American restaurant company

P. F. Chang's China Bistro is an American casual dining restaurant chain founded in 1993 by Paul Fleming and Philip Chiang that serves Asian fusion cuisine. Centerbridge Partners owned and operated Chang’s until acquired by the private equity firm TriArtisan Capital Advisors on March 2, 2019. P. F. Chang's is headquartered in Scottsdale, Arizona.

The chain specializes in American Chinese cuisine, plus other Asian dishes. P.F. Chang’s operates 300 locations in 22 countries and U.S. airports, including P.F. Chang’s To Go takeout locations.

The name “P.F. Chang’s” is derived from Fleming’s initials (P.F.) and Chiang’s last name, with the “I” omitted.

==History==
The chain was founded in 1993 by Paul Fleming and Philip Chiang, son of restaurateur Cecilia Chiang. The first restaurant was opened at the Scottsdale Fashion Square in Scottsdale, Arizona. In 1993, P.F. Chang's China Bistro, Inc. was formed from the acquisition of the original four bistro restaurants. By December 2001, P.F. Chang's owned and operated 65 full-service P.F. Chang's China Bistro restaurants. The company also developed its Pei Wei Asian Diner concept and operated five Pei Wei locations by the same date.

===2004 restatement===
On March 15, 2004, Chang’s reported that it had modified its partnership accounting, which resulted in a restatement of its financial results for prior years. On March 17, 2005, the company adjusted its accounting for leases in order to conform with U.S. generally accepted accounting principles. Accordingly, management and the audit committee determined that the company’s previously issued consolidated financial statements, including those in the company’s Annual Report on Form 10-K for the fiscal year ended December 28, 2003, and those in the company’s Quarterly Reports on Form 10-Q for the first three fiscal quarters of 2004, should no longer be relied upon.

=== 2010s ===
In 2010, P.F. Chang's Home Menu was introduced in supermarkets. The brand represents a group of frozen appetizers and meals that were sold under license by Unilever.

In 2012, Chang's accepted an offer from private investment firm, Centerbridge Partners in a deal valued at $1.1 billion. ConAgra Foods, Inc. acquired the P.F. Chang's Home Menu license from Unilever in August 2012.

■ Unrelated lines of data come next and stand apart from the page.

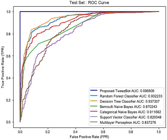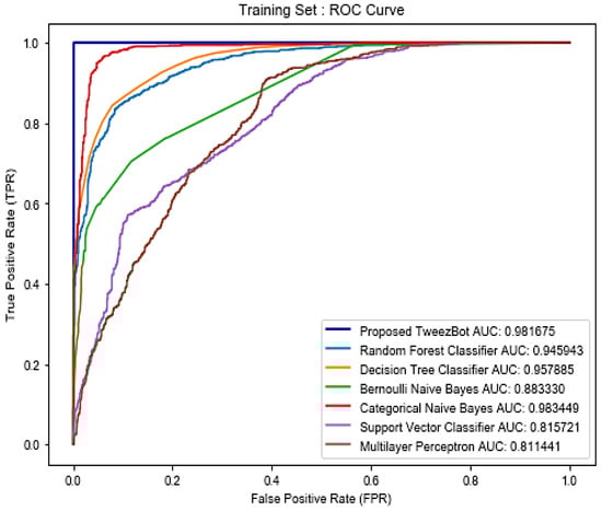 Similarly, in order to obtain a better understanding of how well the model performed when pitted against the classifiers and learning algorithms we used in the aforementioned sections, the comparative study of TweezBot with Random Forest, Decision Tree, Bernoulli Naïve Bayes, Categorical Naïve Bayes, Multi-layer perceptron (ANN) and Support Vector Machine has been shown for the ROC, for both the training set and test set in Figure 16 and Figure 17.
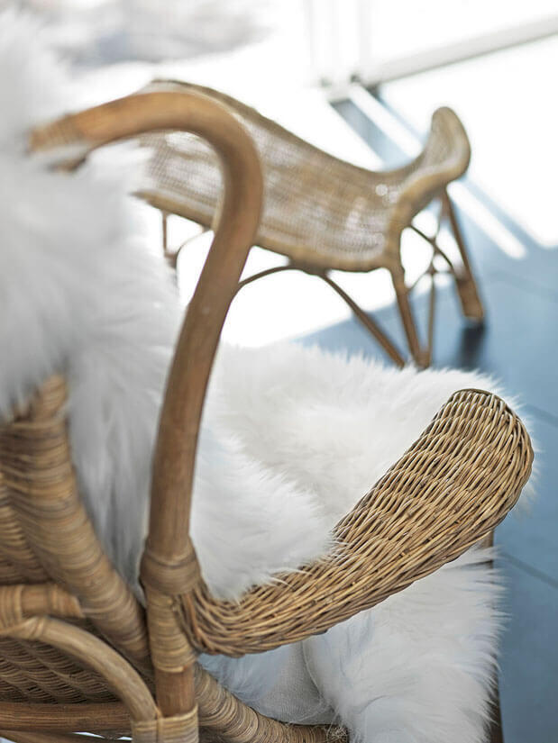Praktö är tillverkad av naturrotting. Det är en möbel tänkt för vila och rekreation. Stolen är ergonomiskt utförd för högsta komfort. Med fötterna på pallen ges möjlighet att sträcka ut ordentligt. Välj till en fårskinnsfäll och saken är klar! Både fotpall och fårskinnsfäll köps separat.
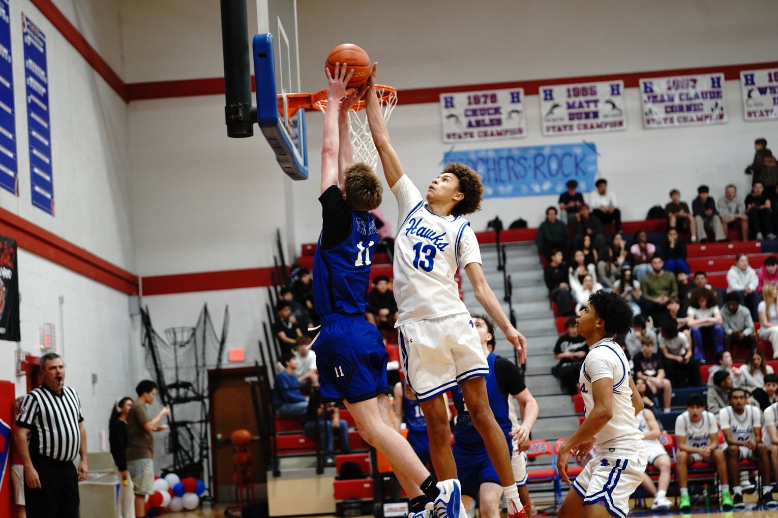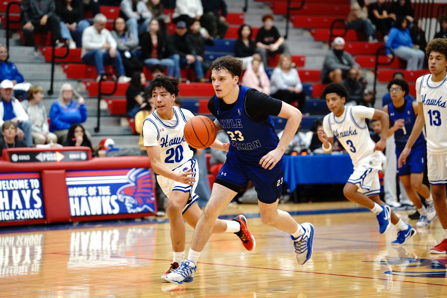 The Hays High School Hawks (14-10 overall, 2-3 district) and the Lehman High School Lobos (3-17 overall, 0-5 district) boys basketball teams took to the court Friday, Jan. 16, for a district matchup that resulted in a 61-40 win for the Hawks.
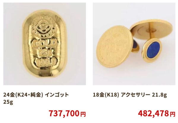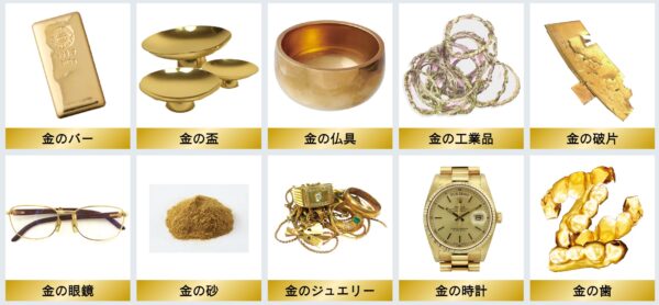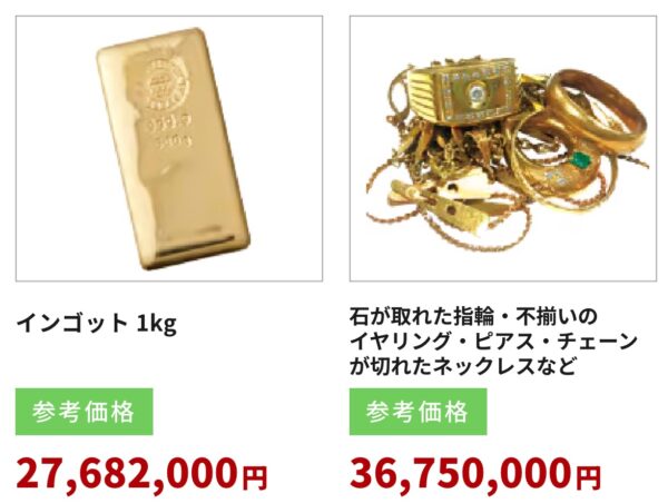 - 金・インゴット・24K・18Kからアクセサリーまで、金製品をまとめて査定できる
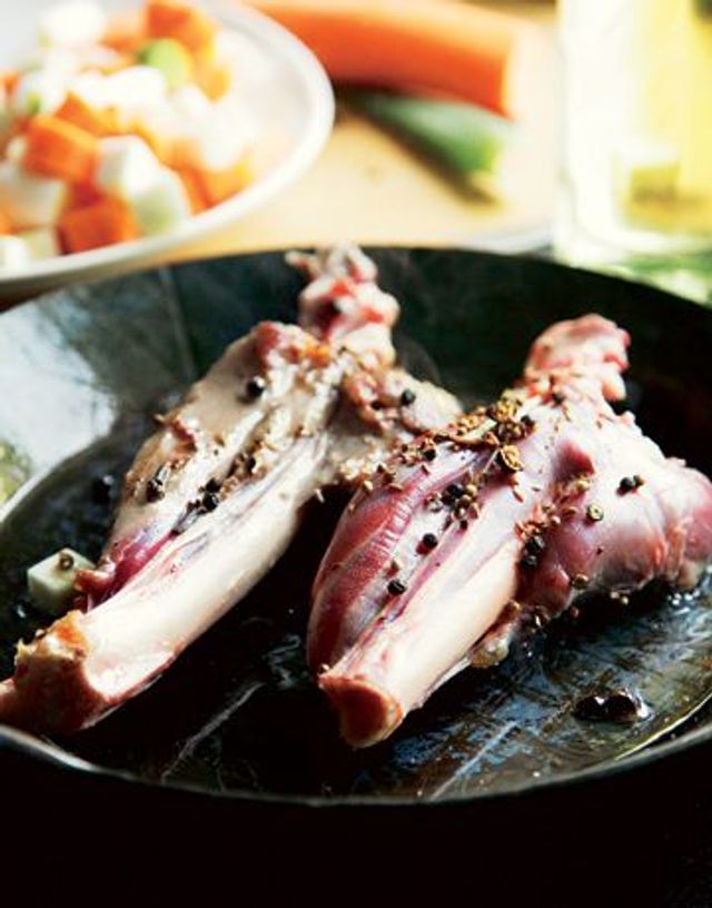 Von Stelzen die nicht essbaren Teile entfernen, Stelzen mit zerstoßenen Gewürzen einreiben, salzen, anbraten, herausnehmen. Mirepoix anrösten. Mit Rotwein ablöschen, auf 1/3 reduzieren, Wildfond angießen, Stelzen hineingeben. 1 Kartoffel in den Fond reiben, zugedeckt ca. 2 Stunden (160 Grad) garen. Stelzen auslösen, den Bratensaft passieren und etwas einreduzieren. Kartoffeln raspeln, salzen, nach 5–10 Minuten gut ausdrücken, in Teflonpfanne goldbraun backen. Lauch- und Zwiebelringe in Öl anschwitzen, Sahne zugeben, abschmecken. Auf das Rösti schichten, mit Blätterteig bedecken. Mit Eigelb bestreichen, bei 200 Grad etwa 20 Minuten goldgelb backen. Mit Stelzen und Fond servieren.
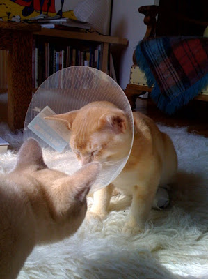 Toen de kap drie dagen geleden even af mocht begon Chuck meteen aan de zwarte draadjes tussen zijn teentjes te frunniken, maar nu likt hij dat pootje niet meer dan de andere, dus de kap blijft eraf. En morgenochtend om half negen mogen de hechtingen er eindelijk uit.

In mid-2014, P.F. Chang's confirmed that a breach had occurred targeting credit and debit cards used at their restaurants. The breach was initially identified by Brian Krebs, a cybersecurity journalist.

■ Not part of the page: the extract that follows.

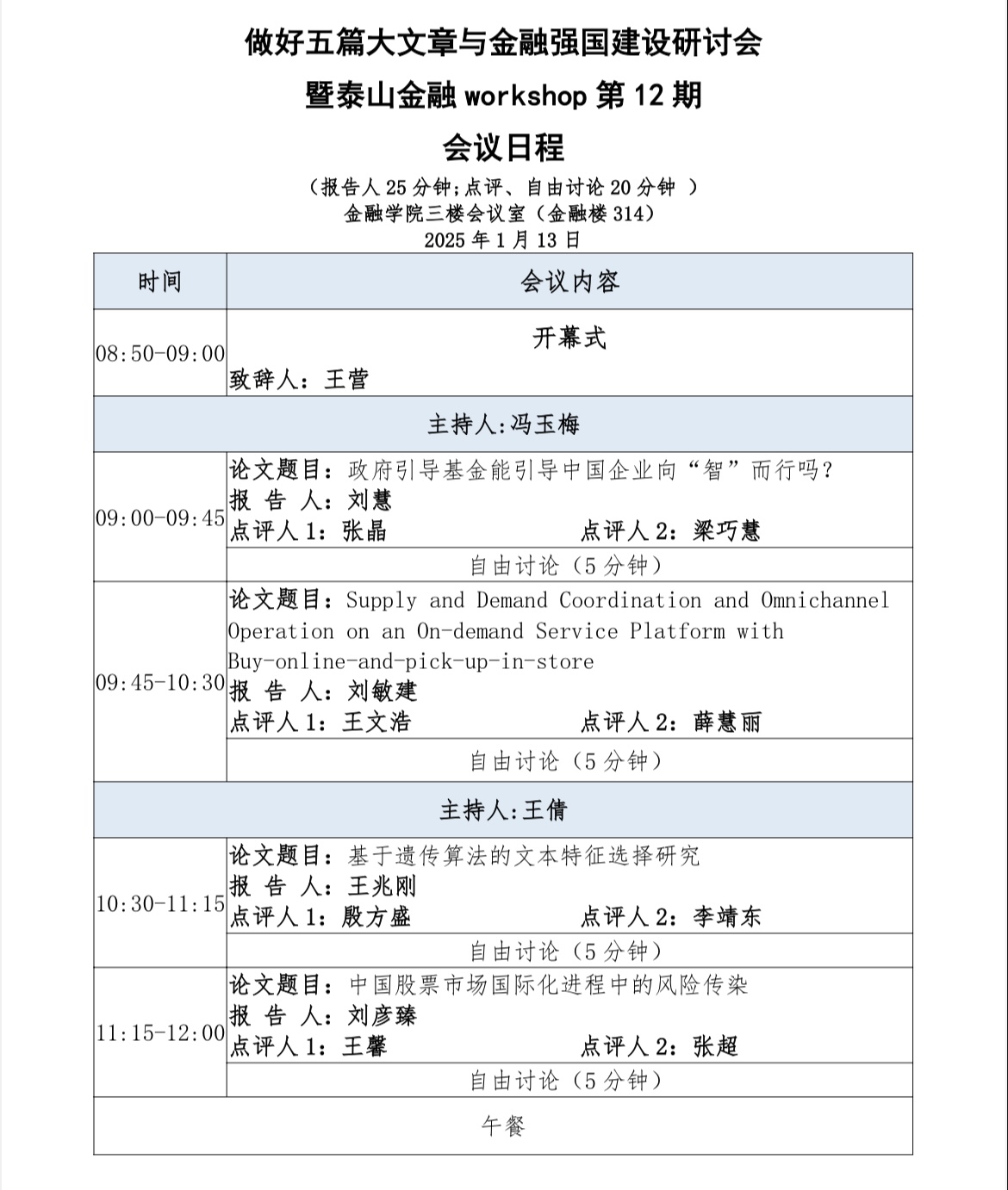 做好五篇大文章与金融强国建设研讨会暨泰山金融workshop第12期

In 2015, P.F. Chang's filed for bankruptcy for its Canadian division.

In 2017, Pei Wei was officially split from P.F. Chang's as a separate business.

In December 2017, P.F. Chang’s announced that they would open a location in Shanghai during the first part of 2018, P.F. Chang’s first location in China. The Shanghai location was marketed to local Chinese customers as American food, and had 10 menu items unique to the company's China operations. Additionally, as of 2018 P.F. Chang's operated a restaurant in South Korea.

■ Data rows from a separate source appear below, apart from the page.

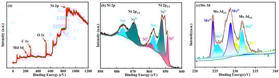 XPS spectra of NiMo-600 °C/NF sample: (a) full spectrum, (b) Ni 2p; (c) Mo 3d.
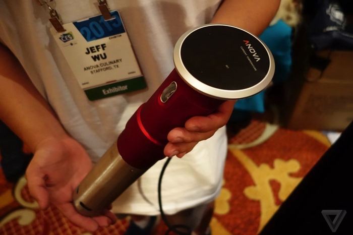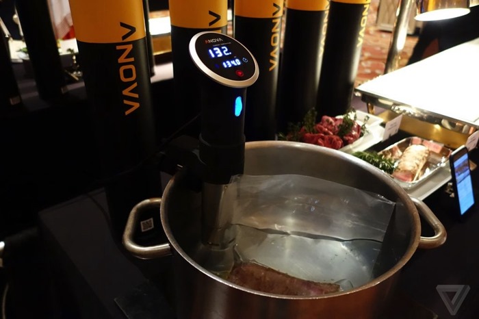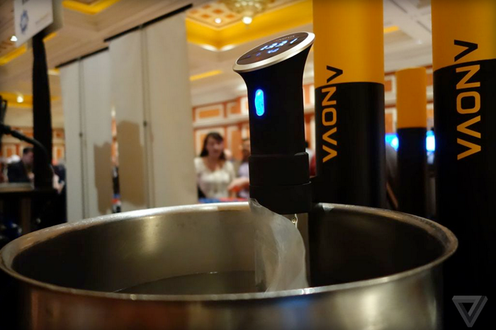 曾經報導過是新創公司Lower Easter Kitchen所推出的真空低溫烹調產品Nomiku ,真空低溫烹調法是利用較低溫度而長時間加熱的烹飪方法,通常約為 50°C 至 80°C 之間,可以減少肉類重量和水分的流失,蔬菜也適用,以達到料理口感與營養的最佳化。如果在外面的餐館要吃到現作的真空低溫烹調料理,等待費時且費用不低。除了Nomiku 有生產真空真空低溫烹調產品工具,另一家廠商Anova也有推出真空低溫烹調產品工具,並在 2015 CES展示以該公司的真空低溫烹調產品工具烹煮牛排。
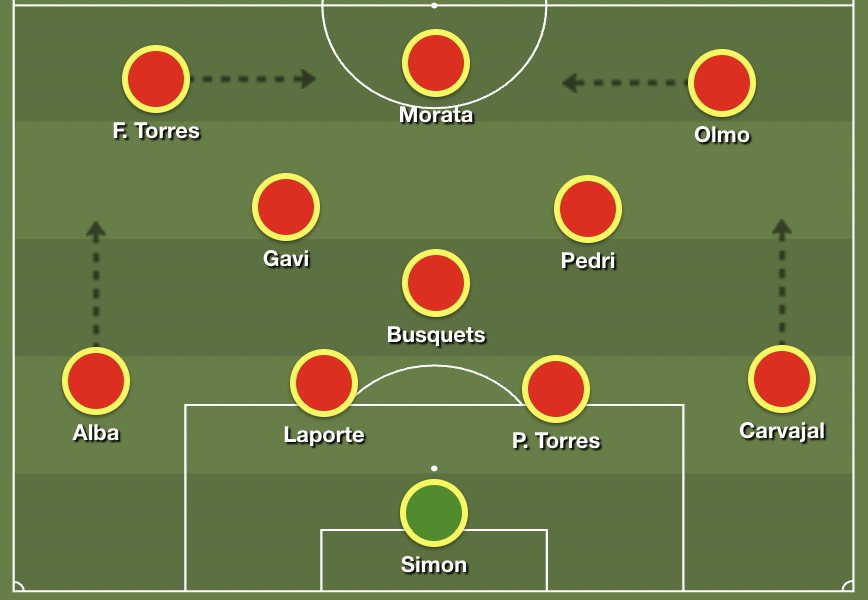 Simon; Alba, Laporte, P. Torres, Carvajal; Gavi, Busquets, Pedri; F. Torres, Morata, Olmo
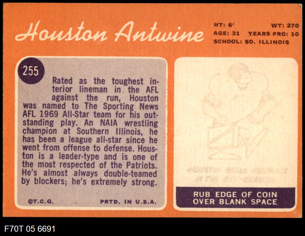 | 1970 Topps #255 Houston Antwine | 4 - VG/EX | Front | Back |
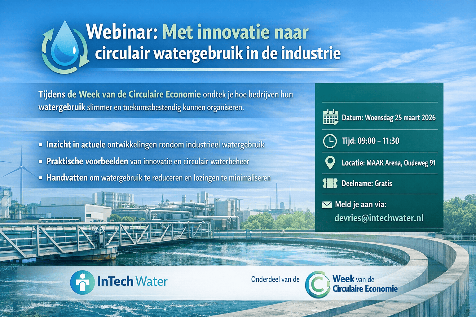 Tijdens dit gratis webinar duik je met InTech Water in de nieuwste ontwikkelingen rondom circulair watergebruik en krijg je tips om je bedrijf toekomstbestendig te maken. Met stijgende kosten voor water, strengere regelgeving en de impact van klimaatverandering is grip op water cruciaal.
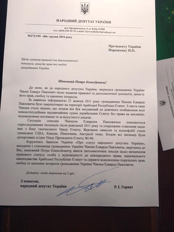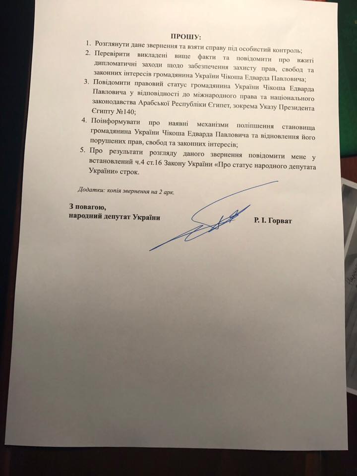 "Хорошая новость по делу Чикоша. Украинца, которого власти Египта посадили пожизненно типа за шпионаж и терроризм. Земляк Эдварда, нардеп из Закарпатья Роберт Горват (фракция "Блок Петра Порошенко") обратился к Президенту и Министру иностранных дел Украины с просьбой взять это дело под личный контроль. По словам депутата, он задал Порошенко вопрос на заседании фракции. Петр Алексеевич пообещал помочь", – написал он.
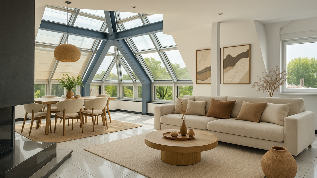 Großzügiger Wohn-Essbereich mit Galerie: Sie genießen offene Raumstrukturen, helle Flächen und eine gläserne Dachkuppel, die Ihre Räume in Tageslicht taucht.
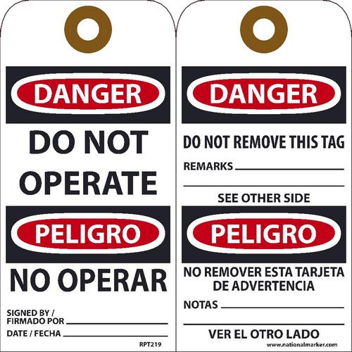 NMC, RPT219G, "Danger Do Not Operate" Bilingual Tag, Grommet

In January 2019, Chang’s announced it was in talks to be sold to TriArtisan Capital Partners and Paulson & Co. for approximately $700 million from its previous owner, Centerbridge Partners.

=== 2020s ===
In January 2020, Chang’s announced its first P.F. Chang’s To Go take-out only location would be in Chicago, Illinois.

In mid-2020, P.F. Chang’s obtained more than $5 million in small-business loans as part of the Paycheck Protection Program (coronavirus relief).

In February 2023, P. F. Chang’s signed an agreement with Indian company Gourmet Investments to open outlets in India. The first P. F. Chang's outlet in India was opened on January 14, 2024 in Mumbai.

==Menu==
The chain specializes in Asian fusion cuisine. Special items on their menu include Chang's Lettuce Wraps, Chang's Spicy Chicken, Peking duck, and various types of sushi. Wine, specialty drinks, Asian beers, sake, cappuccino, and espresso are available outside standard beverage offerings.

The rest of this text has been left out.